La seguridad de los datos en internet es todavía un problema por resolver, que se agrava a medida que crece el volumen de información circulante. Según el I Observatorio de la Ciberseguridad de Panda Security, los usuarios, afortunadamente, van avanzando en concienciación. Aunque todavía queda mucho por ‘educar’ en materia de gestión de cookies y contraseñas.

Los españoles hemos aprendido seguridad digital por ‘las malas’. Porque nos roban la cuenta de email, porque tenemos la bandeja de entrada sobrecargada de spam, porque nos llaman desde los sitios más peregrinos con cantidad de datos nuestros que, aparentemente, no les hemos dado nunca…. Hay estafas, robos de identidad, tráfico de datos -incluso de manera legal, cuando aceptamos cookies sin pensar-. Y sin embargo, todavía son muchos los que siguen sin prestar la debida atención a su privacidad en internet.

Según el I Observatorio de Ciberseguridad de Panda Security, sí que somos, parece ser, conscientes de con quién compartimos nuestros datos.
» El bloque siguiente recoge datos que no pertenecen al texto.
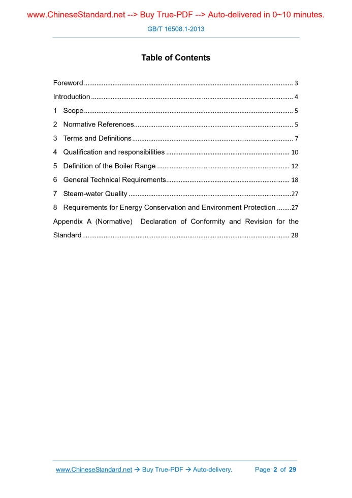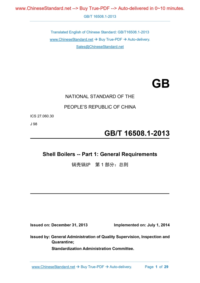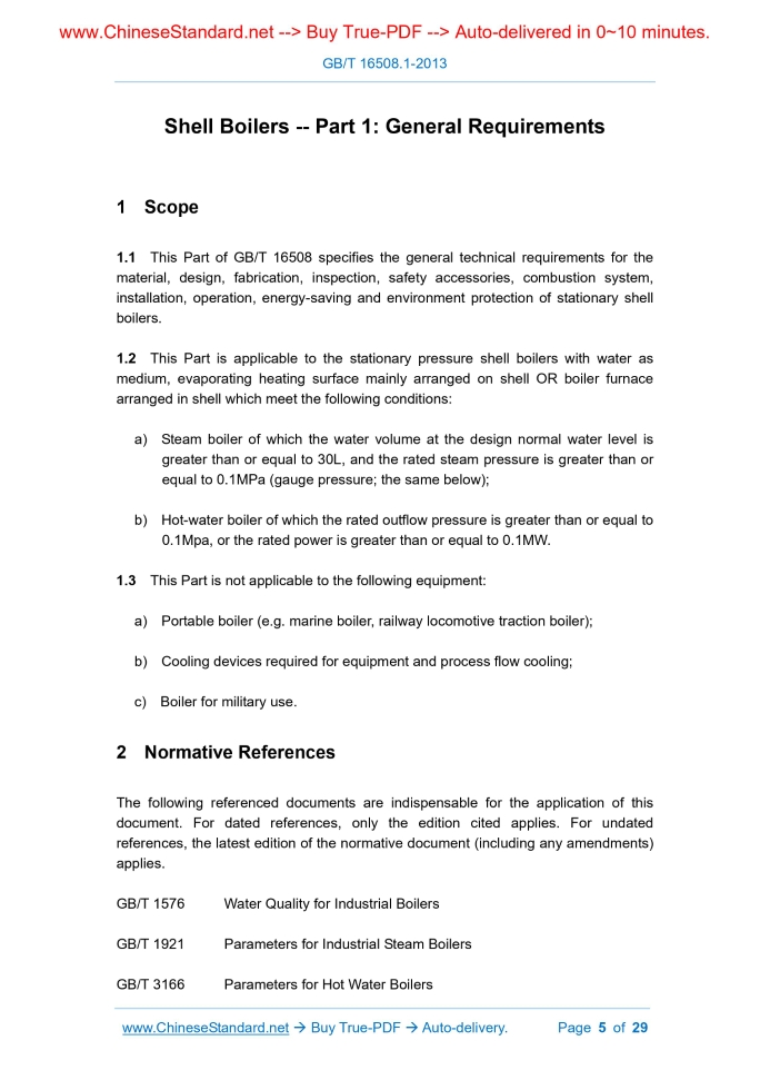 GB 19156-2003: General specifications for fire monitors---This is an excerpt. Full copy of true-PDF in English version (including equations, symbols, images, flow-chart, tables, and figures etc.), auto-downloaded/delivered in 9 seconds, can be purchased online: https://www.ChineseStandard.net/PDF.aspx/GB19156-2003NATIONAL STANDARD OF THE PEOPLE’S REPUBLIC OF CHINA ICS 27.060.30 J 98 Shell Boilers -- Part 1.General Requirements Issued on: DECEMBER 31, 2013 Implemented on: JULY 1, 2014 Issued by. General Administration of Quality Supervision, Inspection and Quarantine; Standardization Administration Committee. Table of ContentsForeword... 3 Introduction... 4 1 Scope... 5 2 Normative References... 5 3 Terms and Definitions... 7 4 Qualification and responsibilities... 10 5 Definition of the Boiler Range... 12 6 General Technical Requirements... 18 7 Steam-water Quality... 27 8 Requirements for Energy Conservation and Environment Protection... 27 Appendix A (Normative) Declaration of Conformity and Revision for the Standard... 28 Shell Boilers -- Part 1.General Requirements1 Scope1.1 This Part of GB/T 16508 specifies the general technical requirements for the material, design, fabrication, inspection, safety accessories, combustion system, installation, operation, energy-saving and environment protection of stationary shell boilers. 1.2 This Part is applicable to the stationary pressure shell boilers with water as medium, evaporating heating surface mainly arranged on shell OR boiler furnace arranged in shell which meet the following conditions. a) Steam boiler of which the water volume at the design normal water level is greater than or equal to 30L, and the rated steam pressure is greater than or equal to 0.1MPa (gauge pressure; the same below); b) Hot-water boiler of which the rated outflow pressure is greater than or equal to 0.1Mpa, or the rated power is greater than or equal to 0.1MW. 1.3 This Part is not applicable to the following equipment. a) Portable boiler (e.g. marine boiler, railway locomotive traction boiler); b) Cooling devices required for equipment and process flow cooling; c) Boiler for military use.2 Normative ReferencesThe following referenced documents are indispensable for the application of this document. For dated references, only the edition cited applies. For undated references, the latest edition of the normative document (including any amendments) applies. GB/T 1576 Water Quality for Industrial Boilers GB/T 1921 Parameters for Industrial Steam Boilers GB/T 3166 Parameters for Hot Water Boilers GB/T 2900.48 Electrotechnical Terminology of Boilers GB 8978 Integrated Wastewater Discharge Standard GB/T 10180 Thermal Performance Test Code for Industrial Boilers GB/T 10863 Thermal Test Method for Gas Pass Heat Recovery Boiler GB/T 12145 Quality Criterion of Water and Steam for Generating Unit and Steam Power Equipment GB 12348 Standard of Noise at Boundary of Industrial Enterprises GB 13271 Emission Standard of Air Pollutants for Boiler GB/T 16507 Water-tube Boilers GB/T 16508.2 Shell Boilers - Part 2.Material GB/T 16508.3 Shell Boilers - Part 3.Design and Strength Calculation GB/T 16508.4 Shell Boilers - Part 4.Fabrication, Inspection and Acceptance GB/T 16508.5 Shell Boilers - Part 5.Safety Appurtenances and Instruments GB/T 16508.6 Shell Boilers - Part 6.Combustion Systems GB/T 16508.7 Shell Boilers - Part 7.Installation GB/T 16508.8 Shell Boilers - Part 8.Operation GB/T 22395 Specification for Design of Boiler Steel Structures GB 24747 Safety Technology Conditions for Heat Transfer Fluids JB/T 6734 Strength Calculation Method for Boiler Fillet Weld JB/T 6735 Calculation Method for Strength of Boiler Hanger Rod NB/T 47013 (JB/T 4730) Nondestructive Testing of Pressure Equipment 3.5 Safety release pressure The pressure of safety valve upon releasing, also referred to as set pressure of safety valve. 3.6 Hydrostatic test pressure The pressure applied when conducting hydrostatic test for boiler system or pressure component (part) as required. 3.7 Rated temperature The working fluid temperature at the outlet which shall be ensured for long-term continuous operation under specified design conditions. 3.8 Calculating temperature The metal temperature of part set under normal operating conditions (the mean temperature along the metal section of part). 3.9 Test temperature The metal temperature of pressure part in pressure test. 3.10 Required thickness The thickness of pressure part determined according to theoretical calculation formula. Where necessary, thickness required by other loads shall also be calculated. 3.11 Design thickness 3.18 The highest fire line The highest point of water-side under the erosion of flame or high-temperature flue gas on the evaporating heating surface of boiler. 3.19 Component space It means that adequate space must be provided between adjacent parts of different wall temperatures on the tube plate so as to avoid overlarge temperature difference stress.4 Qualification and responsibilities4.1 Qualification 4.1.1 Organization qualification The fabrication, inspection, testing and installation organizations of boilers shall obtain corresponding special equipment license qualification according to the requirements of "Regulations on Safety Supervision over Special Equipment". 4.1.2 Personnel qualification 4.1.2.1 The welding personnel of the boiler pressure parts shall be assessed according to the requirements of relevant safety technical codes such as "Examination Rules for Welding Operators of Special Equipment" and may be engaged in the welding work within the acceptable project scope within the period of validity after obtaining the "Special Equipment Operator Certificate". 4.1.2.2 The non-destructive inspection personnel may only undertake non-destructive testing with type and technical level corresponding to the qualification certificate after obtaining the special equipment operator qualification certificate according to the requirements 
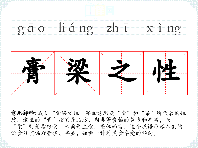 成语“膏梁之性”字面意思是“膏”和“梁”所代表的性质。这里的“膏”指的是脂肪、肉类等食物的美味和丰富,而“梁”则是指粮食、米面等主食。整体而言,这个成语形容人们的饮食*惯偏好奢侈、丰盛,强调一种对美食享受的倾向。

En España, casi el 79% de los encuestados -una cifra bastante alta- asegura serlo. Pero la cifra va bajando cuando ‘se rasca’ un poco más: solo el 69% conoce el uso que pueden hacer estas organizaciones con sus datos; y solo el 59% lee las políticas de privacidad.
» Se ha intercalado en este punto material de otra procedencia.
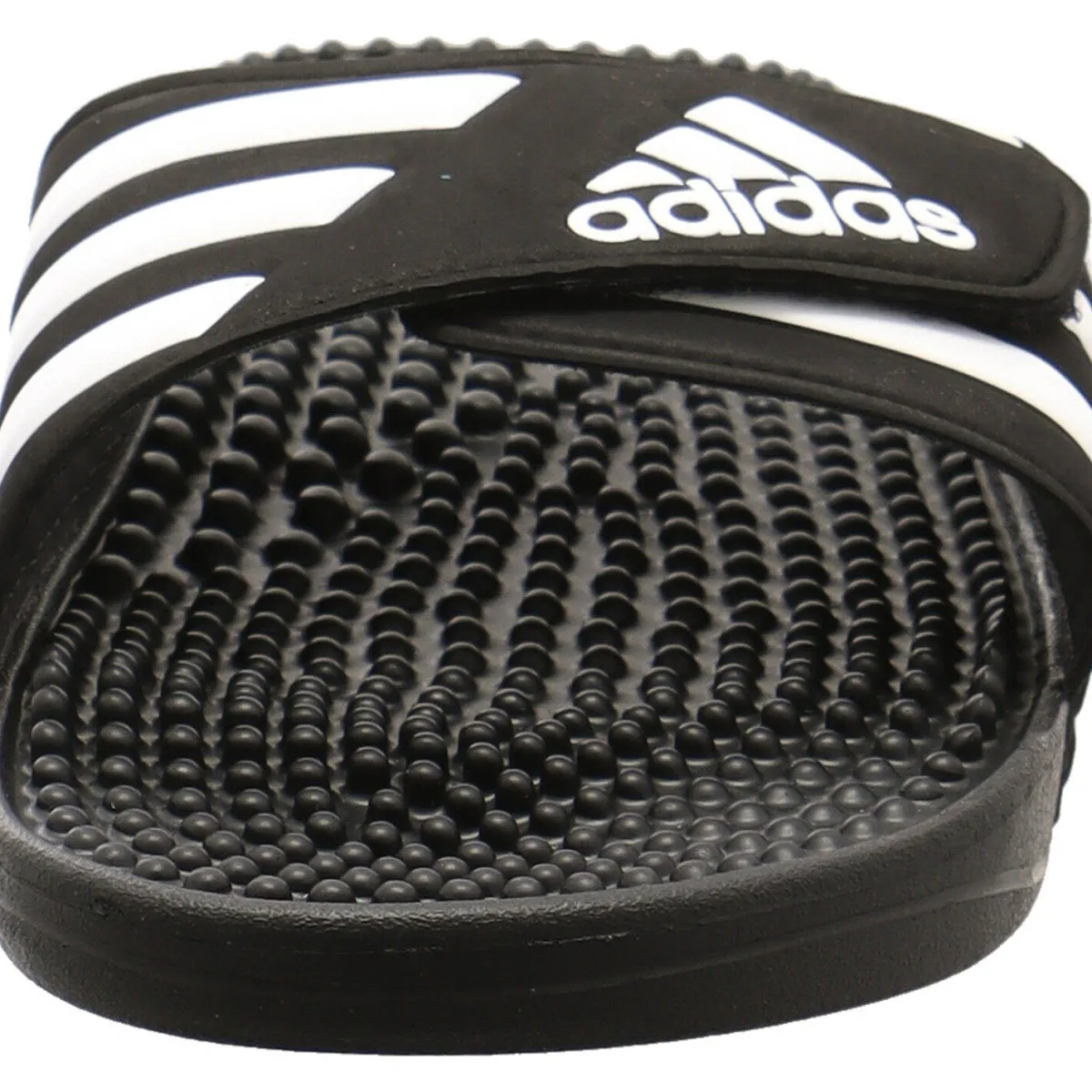 Das synthetische Obermaterial in Schwarz trocknet sehr schnell und durch den Klettverschluss lässt sich die Badepantolette optimal an den Fuß anpassen.
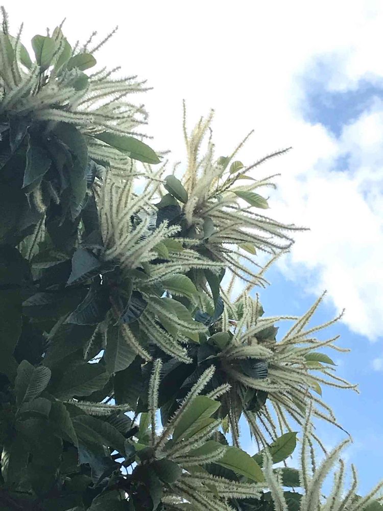 栗の花。よく見るとイガグリの赤ちゃんみたいなのがあるんですってね?!
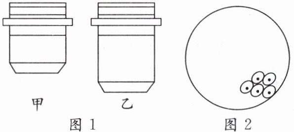 3. (贵州黔西南州兴仁市期中)用双目光学显微镜的一个目镜分别与图1中物镜甲、乙组合来观察人的口腔上皮细胞临时装片,图2是观察过程中看到的视野。下列说法错误的是(

Y sí, nos preocupa bastante (a 7 de cada 10) que esos datos puedan ser utilizados para otro fin distinto al que han sido recabados (solo al 5,6% de los españoles no le preocupa nada). En este sentido, somos los europeos más conscientes. Al 14,8% de los alemanes, por ejemplo, no les preocupa nada que esos datos que facilitan sean utilizados para otro fin. Pero eso no significa que no sigamos ‘aceptando’ por defecto esas larguísimas y farragosas condiciones de uso.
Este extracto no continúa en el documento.